Exercise objective => All of the records below should be retyped exactly, with no pictures included.

Records supplied =>
※ ※ ※
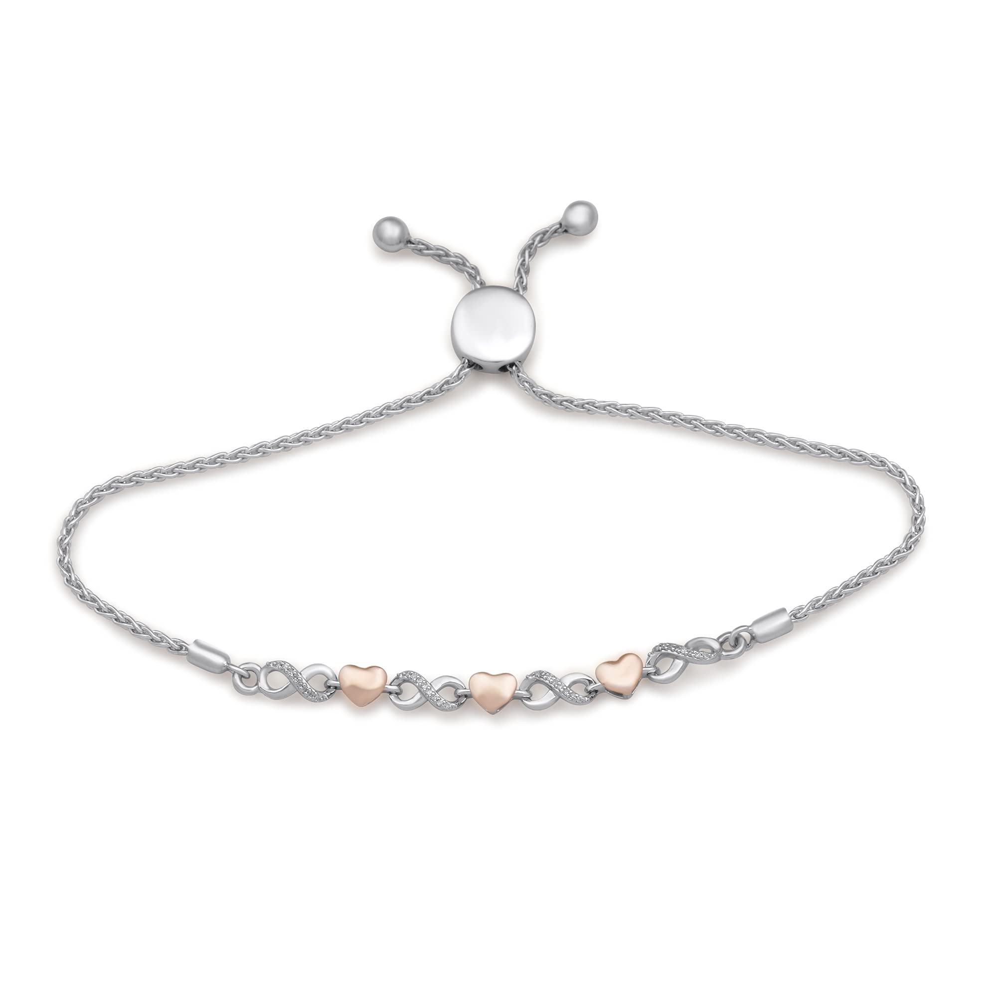 Jewelili Sterling Silver and 10K Rose Gold With Natural White Round Diamonds Infinity and Heart Shape Bolo Bracelet, 9.5"
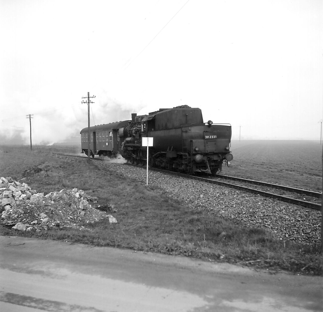 Mit dem einzigen Personenzug der Strecke kommt die Bestwiger 38 2331 daher- aufgenommen früh morgens in der Einfahrt von Warburg/Westf. von Reinhard Todt im April 1965 |
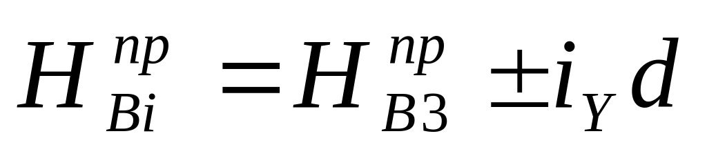 Проектные отметки направления В1-В5 вычисляют по формуле:
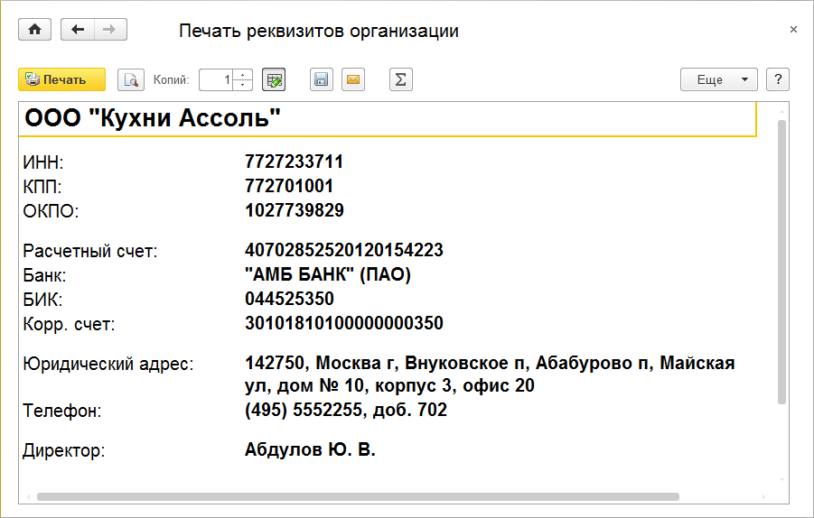 Перед выводом счета на печать программа сама предложит заполнить недостающие поля, такие как ИНН, КПП, банк, номер счета, логотип и факсимильная печать.
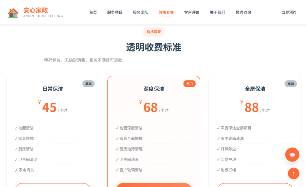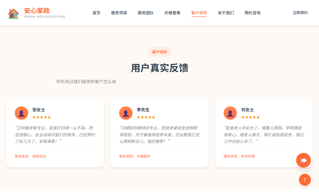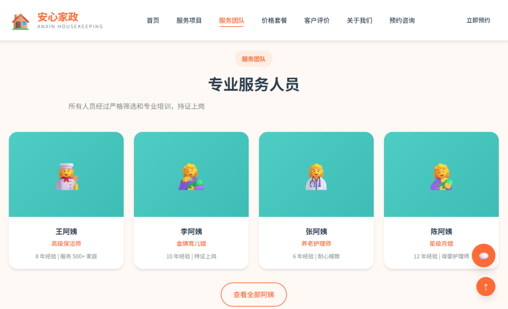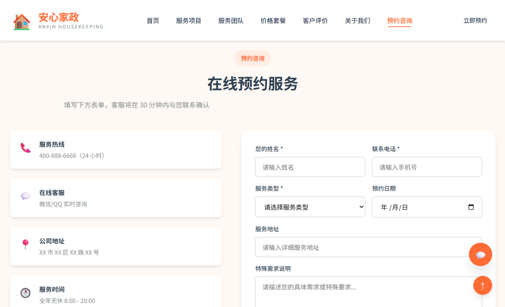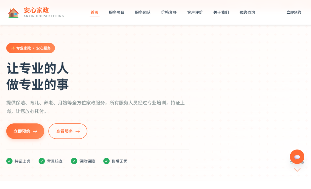 • 设计风格以 温馨专业 为主,采用橙色系配色方案,注重家政服务行业特色与用户体验,支持多档响应式断点适配,适合家政公司、保洁服务、育儿养老服务等场景。
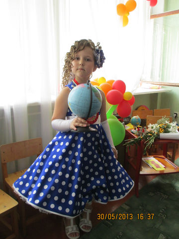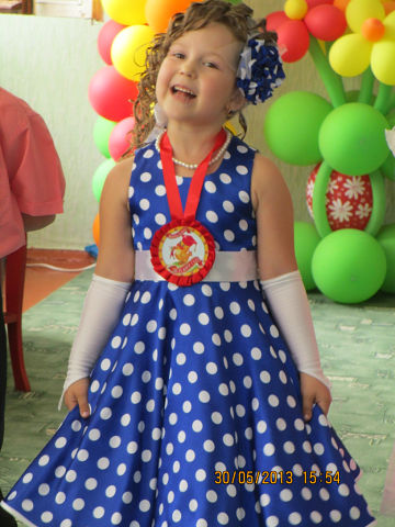 очень красивая выпускница! платье красивого цвета, а самое главное "детское"!
※ ※ ※
Answer area =>
 Jewelili Sterling Silver and 10K Rose Gold With Natural White Round Diamonds Infinity and Heart Shape Bolo Bracelet, 9.5"
 Mit dem einzigen Personenzug der Strecke kommt die Bestwiger 38 2331 daher- aufgenommen früh morgens in der Einfahrt von Warburg/Westf. von Reinhard Todt im April 1965 |
 Проектные отметки направления В1-В5 вычисляют по формуле:
 Перед выводом счета на печать программа сама предложит заполнить недостающие поля, такие как ИНН, КПП, банк, номер счета, логотип и факсимильная печать.
 • 设计风格以 温馨专业 为主,采用橙色系配色方案,注重家政服务行业特色与用户体验,支持多档响应式断点适配,适合家政公司、保洁服务、育儿养老服务等场景。
 очень красивая выпускница! платье красивого цвета, а самое главное "детское"!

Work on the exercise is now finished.